The Business of Boudoir »

Finding Inspiration in Unexpected Places

When you’ve been in the boudoir business for longer than, ohhh, a year or so, you begin to get bored. We’re artists, we’re entitled to that feeling! I see this more often with studio photographers who get stir-crazy shooting on their same sets over and over again. I’ve known many photographers to take to the boudoir forums or to Pinterest to spark their inspiration…but I’m here to (hopefully) help you look to new places for your inspiration.

The boudoir photography industry is smaller than you think … and it’s getting more difficult to differentiate your work from others’. It’s all starting to look the same. That’s what happens when boudoir photographers are looking at other boudoir photographer’s work as inspiration for their next shoot. There are only so many of us, you know 😉

I challenge you to STOP seeking creative enlightenment in the boudoir forums. That’s a GREAT place to learn and pick up tips, but you shouldn’t live there.

Here are some other ideas:

1. Fashion Magazines.

What I’m about to say may be a little blunt for some. But why in the world would you look at other boudoir photographers with the same capabilities as you for inspiration? Why wouldn’t you be looking at the top photographers in the country…in the WORLD? (This goes hand-in-hand with the “dress for the job you want” theory).

These images are available to us with ease at your local bookstore. Buy a VOGUE (I go for the FRENCH Vogue. I can’t understand a word, but obviously I’m not in it for the articles), buy a Vanity Fair, buy a Maxim if that’s more your speed. Study the lighting. Pay close attention to the retouching and the posing. Look at the model’s facial expressions and determine what you might have to say to your client to elicit that type of emotion.

2. Art Books.


When I’m feeling creatively stumped, I often head to the bookstore and thumb through some art books. You know, the ones that weigh 20lbs? Browsing through world-renowned artists’ portraits and editorial work is so inspiring. It challenges me to think outside of the box a bit and maybe create something with an entirely different style! Repeat after me … “It’s OK to experiment. Experimentation is GOOOOD!” Ok, moving on.

3. Music Videos.

This is MY personal #1. Being that MTV doesn’t really show music videos anymore, you have to dig a little deeper (Try Vevo!)…but music videos are so visually stimulating! They are brilliantly orchestrated, have insane sets, and have a strong overall tone—just like a photo shoot should. When I saw the Taylor Swift “Blank Space” video (don’t laugh. All photographers are nerds. Yes, even you!), I was instantly inspired to do about 3 different photo shoots based on different sets/scenes.

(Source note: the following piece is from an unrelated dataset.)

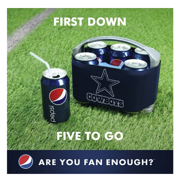
Figure 2. Pepsi Instagram post.

activity. One study showed that most products promoted by professional athletes are energy dense and nutrient poor [57]. Table 2 shows some examples of food products endorsed by athletes.

The shot below was actually inspired by a Lana Del Rey video:


4. Personal Projects.

Photo projects are really a must for every photographer. Challenge yourself to create a series of images with a single theme. When you narrow your focus to just one concept, you’ll be amazed at how your creativity blossoms.  I’m currently in the midst of a “30 days of black and white” project in which I’m posting only black and white images to Instagram. Mostly boudoir-related (but I, of course, have to throw a few shots of my kids in there too…or what kind of mother would I be!?).

In the past, I’ve also done projects centered on silhouettes, legs, whimsical tulle skirts, and color schemes. The possibilities are truly endless.

Congratulations! You’ve read to the bottom!  That means there is no excuse for solely creeping on other boudoir photographer’s work for “inspiration”. Inspiration is EVERYWHERE (My yoga instructor would be so proud of me for saying that.)! Go get inspired, y’all!